During the lockdown I decided to create a separate blog as less formal place than my portfolio site to post my photos and articles.

I already have a photography portfolio/store website. This is designed to be a less formal and fun place to share my work. I try to keep things light hearted with a bit of humour.

Any feedback on the design, ease of use and content is much appreciated. I've tried to keep the layout as simple as possible.

Photography with Barry - Photography and Travel Blog


----------



## Derrel

Decent. I like your amplifier analogy and Adobe Stock illustration.


----------



## RoiSoleil

Derrel said:


> Decent. I like your amplifier analogy and Adobe Stock illustration.

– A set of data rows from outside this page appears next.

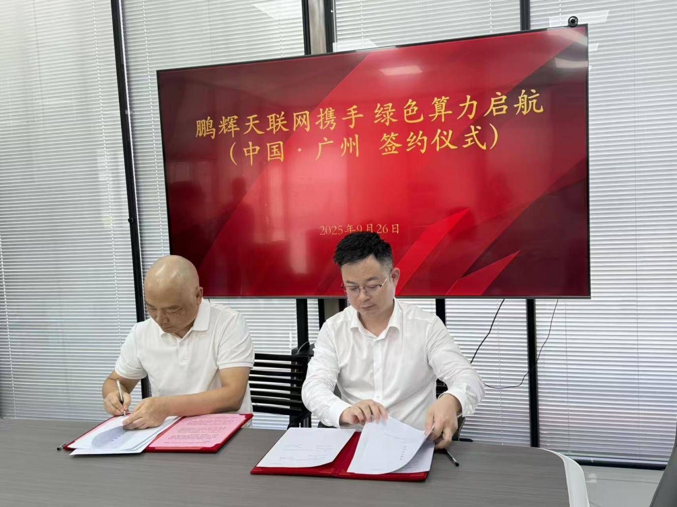 2025年9月26日上午,在中国广州鹏辉能源科技股份有限公司(股票代码:300438)总部,鹏辉能源旗下诺瓦基鹏辉(广东)新能源科技有限公司(以下简称“鹏辉新能源”)与天联网绿色算力科技有限公司(Skylink Green Calculation Technology Limited)签署全球战略合作协议,共同推进新能源在海外算力领域的应用合作。
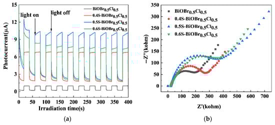 Measurement of the TPC responses and electrochemical impedance is a direct method for verifying the efficiency of charge carrier separation in a photocatalyst. Under dark conditions, neither the BiOBr0.5Cl0.5 or xS-BiOBr0.5Cl0.5 material generated any TPC response (Figure 13a). On the other hand, under visible light irradiation, the photocurrent intensity of the xS-BiOBr0.5Cl0.5 materials gradually increased with an increasing concentration of sulfur dopants in the materials, with 0.5S-BiOBr0.5Cl0.5 exhibiting the highest photocurrent intensity among the materials, implying that the presence of sulfur dopants and oxygen vacancies in 0.5S-BiOBr0.5Cl0.5 enabled the material to prevent e−–h+ complexation and accelerate the charge transfer []. The Nyquist plots of the BiOBr0.5Cl0.5 and xS-BiOBr0.5Cl0.5 materials, which were obtained through an electrochemical impedance spectroscopy (EIS) analysis, are shown in Figure 13b. The smaller the radius of the arc in the Nyquist plot of a sample (BiOBr0.5Cl0.5, 0.4S-BiOBr0.5Cl0.5, 0.5S-BiOBr0.5Cl0.5, or 0.6S-BiOBr0.5Cl0.5), the better the sample hindered the complexation of photogenerated charge carriers, and the higher the photocatalytic efficiency of the sample. Compared with the Nyquist plot for BiOBr0.5Cl0.5, those for the xS-BiOBr0.5Cl0.5 materials showed smaller arc radii, with the Nyquist plot for 0.5S-BiOBr0.5Cl0.5 showing the smallest arc radius, suggesting that 0.5S-BiOBr0.5Cl0.5 had the lowest electron transfer resistance and the highest photocatalytic efficiency among the materials.
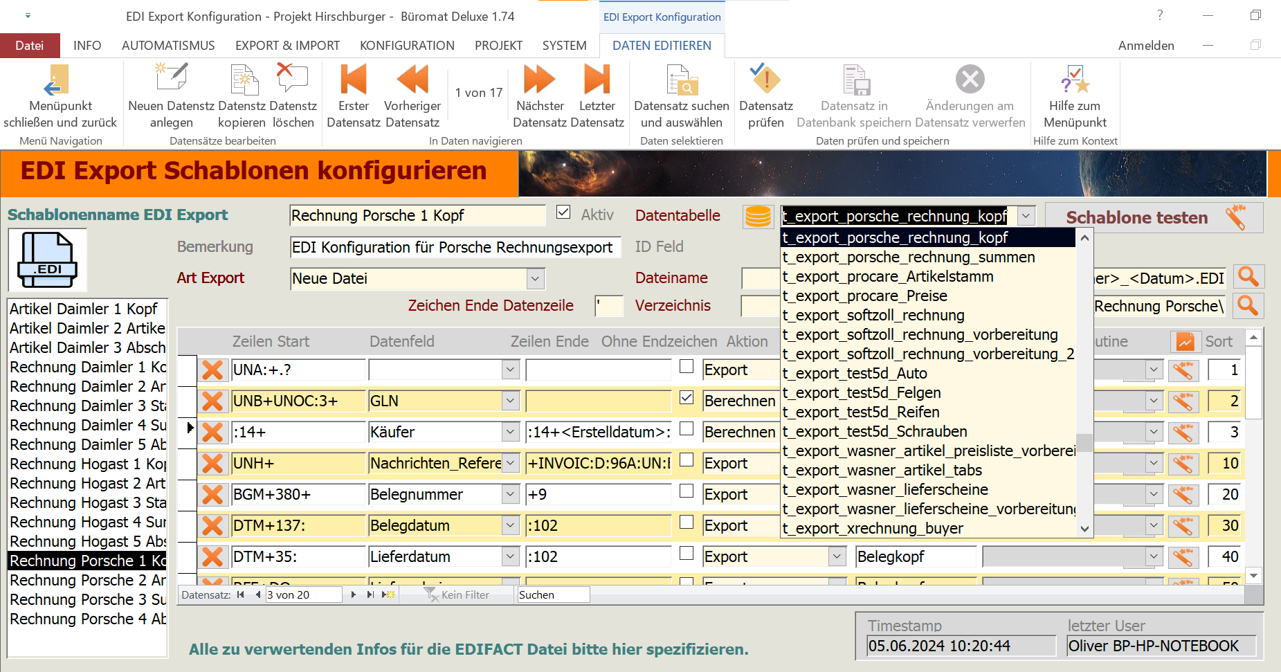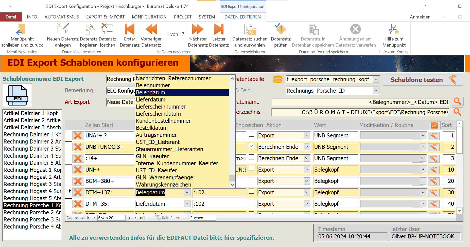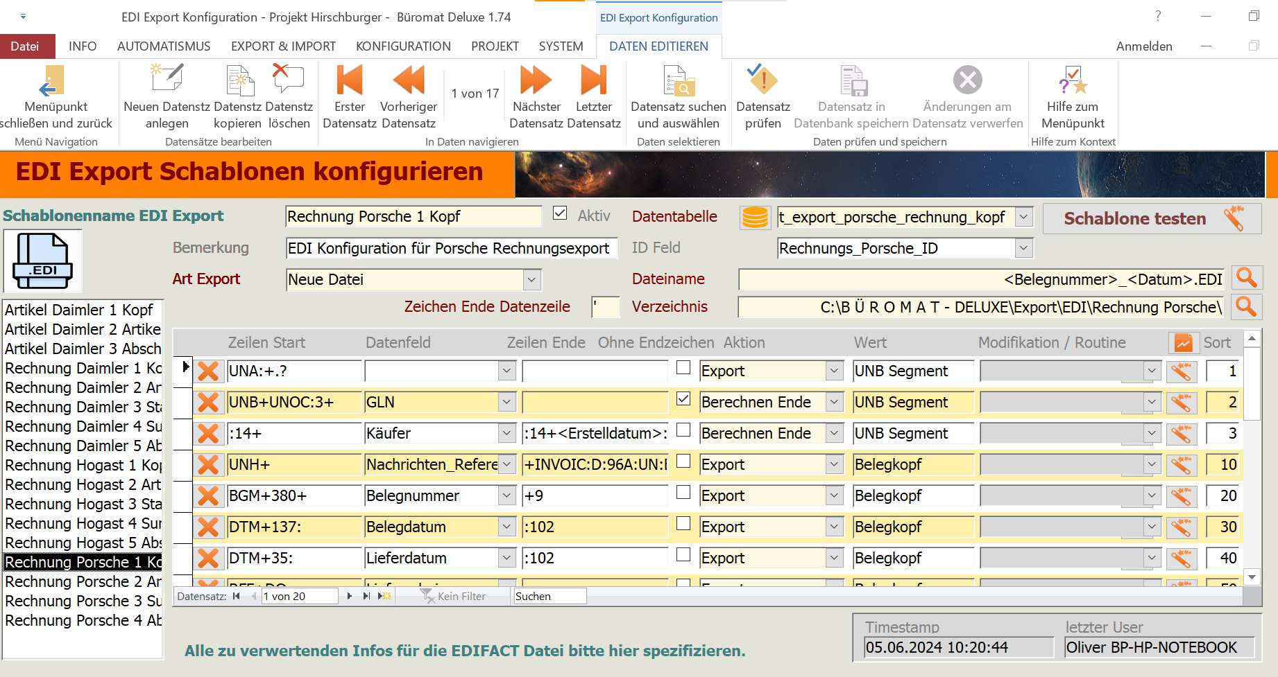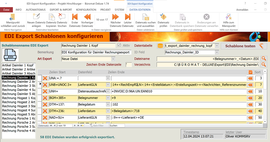 Bearbeiten der Schablonen für den Export von EDI Dateien mit flexiblen Daten
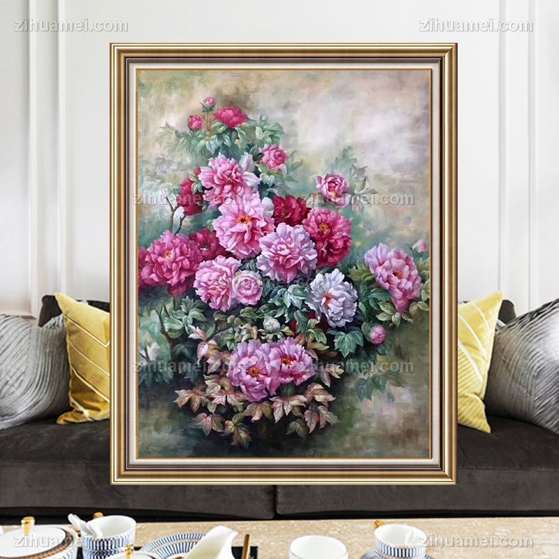 • Chinese oil painting flower and bird painting hand painted oil painting Peony painting fine oil painting hanging solid wood frame in living room flowers blooming
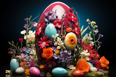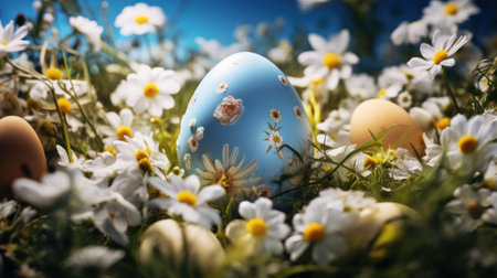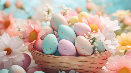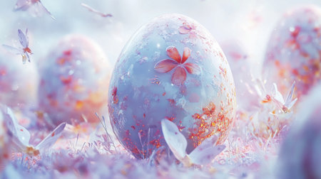 This enchanting image showcases beautifully decorated eggs surrounded by delicate flowers, creating a whimsical atmosphere perfect for spring celebrations.
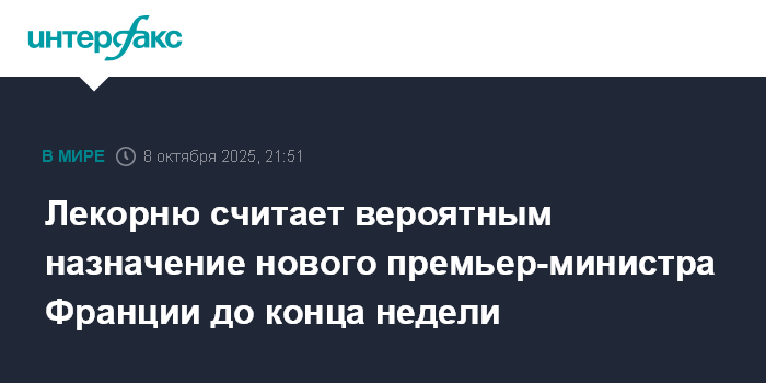 Лекорню считает вероятным назначение нового премьер-министра Франции до конца недели

Thanks. I find it's the easiest way to explain ISO. I only discovered I had access to Adobe stock recently. It's handy when you don't have an image of your own to illustrate a particular point.


----------



## Jeff15

Very nice site........


----------



## Ysarex

RoiSoleil said:


> Hello,
> 
> During the lockdown I decided to create a separate blog as less formal place than my portfolio site to post my photos and articles.
> 
> I already have a photography portfolio/store website. This is designed to be a less formal and fun place to share my work. I try to keep things light hearted with a bit of humour.
> 
> Any feedback on the design, ease of use and content is much appreciated. I've tried to keep the layout as simple as possible.
> 
> Photography with Barry - Photography and Travel Blog



It's readable and the humor is good.

You have some content concerns. You're aware of some of that and handle it by dismissing it with a denigrating "humorous" comment. Some of your content issues you deal with by just leaving them hanging. For example:

"_In photographic terms, exposure refers to the amount of light that enters the camera lens and hits the digital sensor (or film) inside the camera.... We can control the amount of light by adjusting two settings: aperture and shutter speed. *A third setting, ISO can also have an effect on the final exposure.*_" But you just said exposure is the amount of light that hits the sensor and we control that with two settings: aperture and shutter speed. And also ISO? Is ISO also controlling the amount of light hitting the sensor? You just leave that comment hanging and move on. If ISO is also effecting how much light hits the sensor why are you mentioning it separately like that?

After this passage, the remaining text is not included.